Provide a Fallback Response
When the circuit breaker blocks calls in its Open state, it doesn’t just leave users hanging—it offers a fallback response to keep the system usable. This fallback is a preplanned alternative to the failed service’s output, designed to minimize disruption.
For example, if a weather API fails, the circuit breaker might return a cached forecast from an hour ago or a simple message like "Weather data unavailable, try again later." In a payment system, it could redirect users to an alternative checkout method or log the attempt for later retry. The fallback doesn’t fix the root problem, but it ensures graceful degradation.
Your application keeps running in a limited capacity rather than crashing or showing cryptic errors. Crafting a good fallback requires understanding your use case: it might be static data, a default value, or even a call to a backup service. By providing this safety net, the circuit breaker maintains user trust and buys time for the external service to recover without sacrificing functionality entirely.
Overall Mechanism
- Closed: All calls are forwarded. If failures exceed the threshold (e.g., 5), it switches to Open.

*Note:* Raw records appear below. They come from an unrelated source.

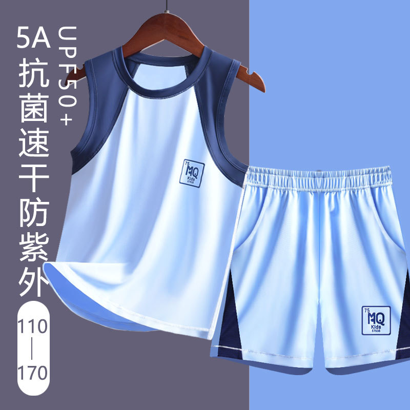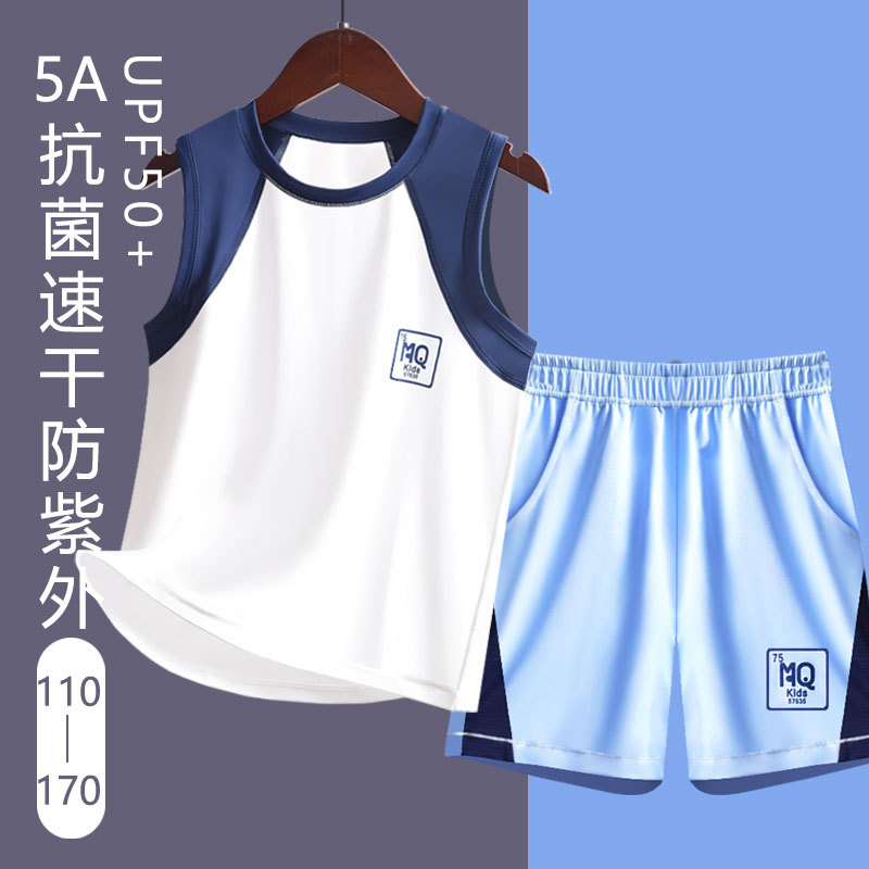 어린이 속건성 민소매 넓은 어깨 조끼 스포츠 반바지 정장 소년 땀 흡수 외부 통기성 여름 얇은 스타일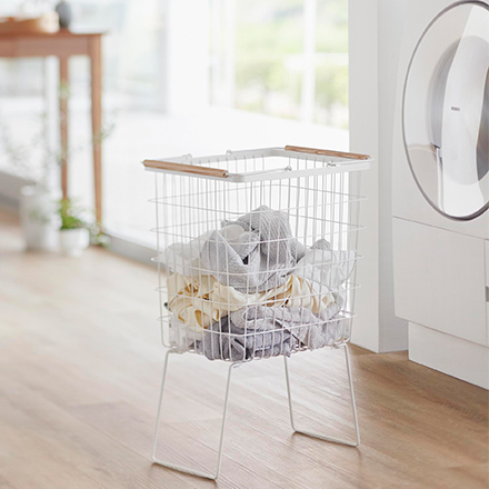 洗濯物がラクに干せる脚付きランドリーバスケット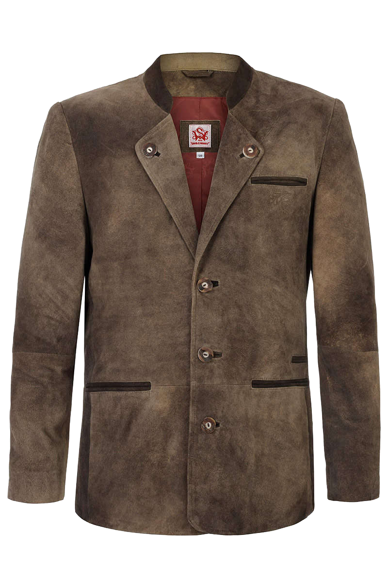 • Modisches Trachten-Leder-Sakko mit Revers und geradem Schnitt

- Open: Calls are blocked, and a fallback is used. After a set time (e.g., 30 seconds), it moves to Half-Open.
- Half-Open: A test call is made. Success → Closed, Failure → Open.
Simple Code Example
Here’s a basic implementation in JavaScript:
class CircuitBreaker {
constructor(maxFailures = 5, resetTimeout = 30000) {
this.state = "CLOSED";
this.failureCount = 0;
this.maxFailures = maxFailures;
this.resetTimeout = resetTimeout;
}
async call(service) {
if (this.state === "OPEN") {
if (Date.now() > this.resetTime) {
this.state = "HALF_OPEN";
} else {
return "Fallback: Service unavailable";
}
}
try {
const result = await service();
if (this.state === "HALF_OPEN") {
this.state = "CLOSED";
this.failureCount = 0;
}
return result;
} catch (error) {
this.failureCount++;
if (this.failureCount >= this.maxFailures) {
this.state = "OPEN";
this.resetTime = Date.now() + this.resetTimeout;
}
return "Fallback: Service unavailable";
}
}
}
// Example usage
const breaker = new CircuitBreaker();
const fakeService = () => Math.random() > 0.5 ? "Success" : Promise.reject("Error");
breaker.call(fakeService).then(console.log);
Circuit Breakers in Serverless
In a serverless environment (e.g., AWS Lambda), circuit breakers are still valuable, but their stateless nature poses challenges. The state must be stored externally, such as in DynamoDB.
Example in AWS Lambda
const AWS = require('aws-sdk');
const dynamodb = new AWS.DynamoDB.DocumentClient();
async function handler(event) {
const serviceName = "ExternalAPI";
const state = await dynamodb.get({
TableName: "CircuitBreakerState",
Key: { Service: serviceName }
}).promise();
if (state.Item?.State === "OPEN" && Date.now() < state.Item.ResetTime) {
return { statusCode: 503, body: "Service unavailable" };
}
try {
const response = await callExternalAPI();
if (state.Item?.State === "HALF_OPEN") {
await dynamodb.update({
TableName: "CircuitBreakerState",
Key: { Service: serviceName },
UpdateExpression: "SET #state = :closed",
ExpressionAttributeNames: { "#state": "State" },
ExpressionAttributeValues: { ":closed": "CLOSED" }
}).promise();
}
return { statusCode: 200, body: response };
} catch (error) {
// Logic to update failure count and switch to Open
return { statusCode: 503, body: "Service unavailable" };
}
}
Conclusion
Circuit breakers are a powerful pattern for building resilient systems, whether on traditional servers or in serverless environments. With the simulations and code above, I hope you’ve gained a clearer understanding of how they work.